Она отпила из кружки, которая становилась все холоднее. Андрей внимательно слушал рассказ женщины.
— Константин Павлович рассказал мне о тех, кто поклонялся человеку, которого прибили к деревянному кресту. Этот мученик по имени Иисус Христос рассказывал людям о том, что есть несколько миров. В одном люди живут временно и постоянно страдают, болеют, бояться. Умирают в муках. Этот был тот самый мир, в котором Иисус проповедовал свое ученье. Он говорил о том, что грешники попадут в еще более жуткий мир, где страдать придется бесконечно. Название тому миру — ад. Понимаете, к чему я? — она подняла уставший взгляд.
— Нет, честно признаться. Не понимаю.
— Иисус рассказывал еще о третьем мире, который он назвал раем, — ничего не поясняя, продолжила она. — Это то место, где нет ни боли, ни страха, ни страданий. Куда уходят праведники. И живут в том мире вечно, но уже пребывают в постоянном блаженстве, радости.
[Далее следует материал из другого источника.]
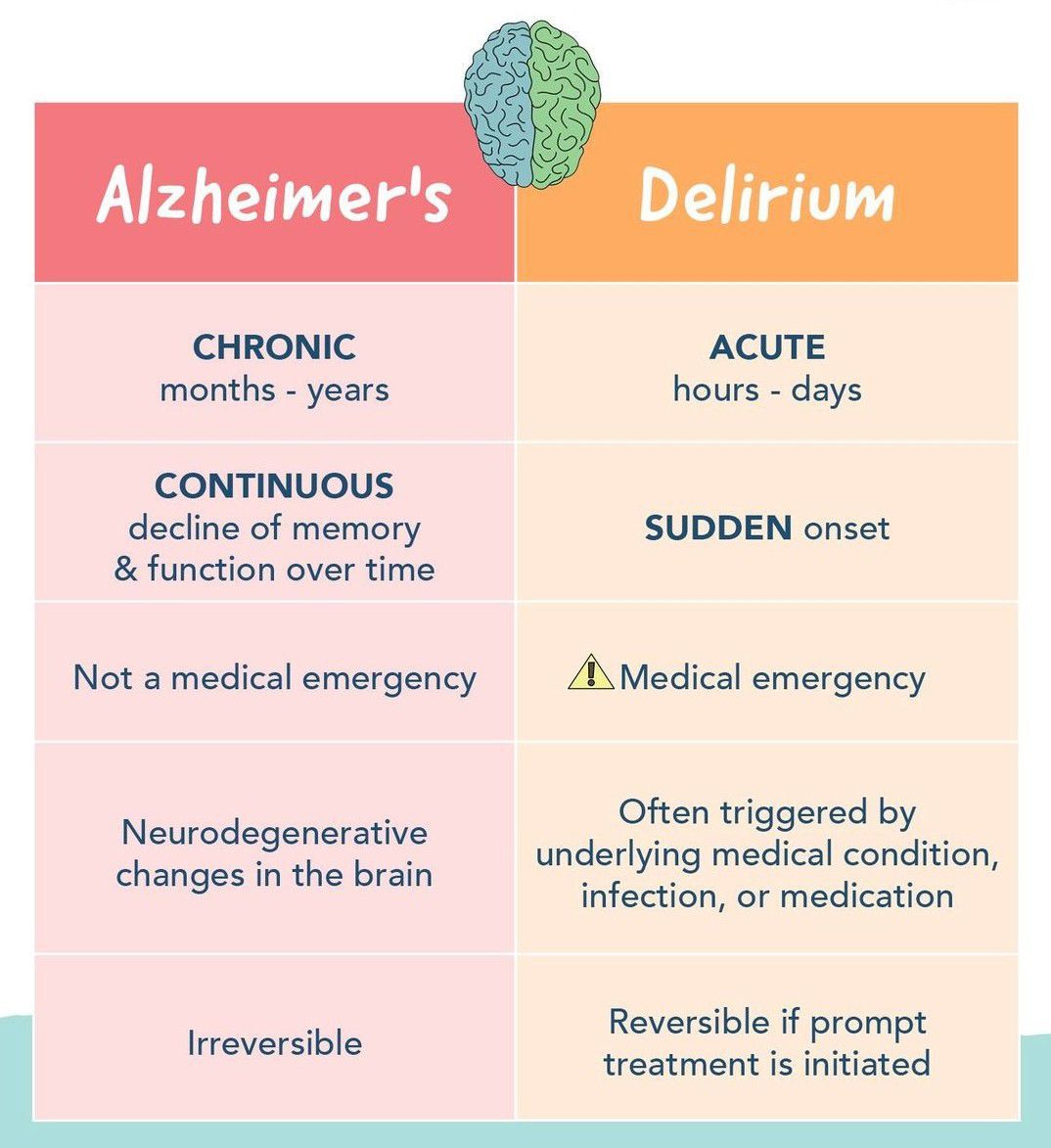 Here is a brief comparison of Alzheimer's and delirium.

— Это же просто сказки. Такие же, как у Чернобога. Как это относится к моему сыну?
— Патрушев чувствовал, что близится его смерть и стал сентиментальным. Вспоминая ученье Христа, он стал задаваться вопросом, куда попадет после смерти — в ад или рай. Плохой мир или хороший, — она вдруг улыбнулась. — Как-то раз он стал рассуждать при мне, что в аду живут черти, чудовища, монстры. Там постоянно кипит смола на манер нашей черной слизи. И людей бесконечно сжигают за их грехи. Прямо как ликвидаторы сжигают мутантов. Старик Патрушев предположил, что мы уже в аду, значит ему только в рай. А я лишь в шутку сказала, что адом наше место быть не может, потому что черти приходят к нам очень ограниченно в рамках времени и пространства. Через несколько дней он разработал новую гипотезу и даже предложил сделать меня соавтором. Он предположил, что фрактальные трансформации происходят не только в трех привычных измерениях и четвертом временном. Но есть еще несколько измерений, существующих параллельно нашему, которые тоже являются продуктом ФУПа. Самосборы — это те критические моменты, когда фрактальные волны разных миров сходятся в одной точке. И таким образом возникают проходы, через которые существа из того мира приходят к нам. А мы, люди, можем попасть в другие миры через те же проходы. Скажем так, происходит взаимообмен.
— И что? — спросил Андрей, хотя чувствовал, к чему клонит собеседница.
— Если верить идеям Патрушева, то ваш сын ушел в лучший мир. Как вы сами сказали, туда, где нет боли, страха и страданий. Он живет в таком месте, о котором все мы можем только мечтать.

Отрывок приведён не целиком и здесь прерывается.